If you have some failed Get that was working, the tail end of msgs not received /w MsgIds is the most pertinent part.

I see this has already been marked as offline. Thanks everyone for poking at this. I can see a few supposedly dead nodes, so going to start some morning log diving before taking a look at the join leak.

bzee · December 19, 2022, 6:28am

Thanks a lot for pointing this out. This is called cancellation safety in async Rust. It’s basically an unresolved problem in the Rust community and causes very nasty, hard-to-catch bugs. I think there’s a real chance it affects Safe code too, but the question is how common it is.

stout77 · December 19, 2022, 7:55am

Comment added to the issue with steps to reproduce.

Btw, my node, on a Oracle cloud instance, eventually joined at 2022-12-17T07:26:08 GMT and stored:
95M chunks/
992K register/

I can try and find the logs if they can be of any use.

Toivo · December 19, 2022, 8:12am

OK, I’ll DM those to you. And I did get chunks, 196MB of them.

I don’t think I have those, or are they automatically logged somewhere?

joshuef · December 19, 2022, 9:07am

Initial log poking looks to me like we’ve had nodes die from attempting to send too many chunks out for replication.

The nodes that died appeared to have a big ole mem-spike before they died. Which also correlates to some v high network throughput.

Last logs for all nodes lie here:

pub-logs.zip (7.4 MB)

our dead nodes look to be:

node-13__104.248.171.248
node-14__161.35.42.132
node-3__209.97.135.17
node-5__165.232.36.110
node-6__157.245.38.232
node-20__138.68.140.11
node-21__138.68.135.250
node-19__161.35.42.122
node-8__206.189.17.185
node-9__165.22.119.34
node-2__161.35.42.139
node-18__161.35.40.161

So for me, I’m trying to see if there’s a simple way to throttle this throughput (what would be a sensible limit?)

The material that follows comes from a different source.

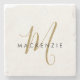 Eleganter, moderner Untersetzer für Monogramm-Stone mit weißem Script. Ein elegantes Goldskriptmonogramm kombiniert mit einem sauberen schwarzen San-Serif-Schriftart verleiht dem Ganzen einen zeitgemäßen Look.

See if there’s any obvious bugs there…

But also wondering: how did we get churn here. I’ve some logs from @Toivo I’ll be looking at to see how/why/when the node was accepted.

With those things in place we can look at another testnet. Since we appeared to fall down w/ churn it may make sense to look at more churn next… If any folk have thoughts on what they’d like to see tested next, suggestions are very welcome.

dirvine · December 19, 2022, 9:17am

I think normal data usage. Share data, but real data as though we paid for it. No ability to run a node right now, so remove the frantic upload of tons of stuff to bypass any join limit. Just use it as a normal user would expect to see Safe.

Also test DBCs like mad.

Then we need to work hard on replication and churn. There will be limits as we are trying to test real life but with no consequences. I expect churn every 5 minutes or so over many nodes (old nodes), but here we are compressing time as we bash this (which is good). I feel we need to be able to handle churn with this level of mad bashing as much as we can, I would be happy that goes past realistic levels.

Then node/section and data recovery, A node does not know it stopped, but a helper process would and could restart it.

Then we add pay for data and have farming rewards to slow things closer to real life, knowing if it went mental we can recover nodes and data etc.

joshuef · December 19, 2022, 10:06am

@dirvine this is a bit catch 22-y I think. If you didn’t earn $$ (via nodes), then we don’t have that ‘normal’ usage. So we need joins there.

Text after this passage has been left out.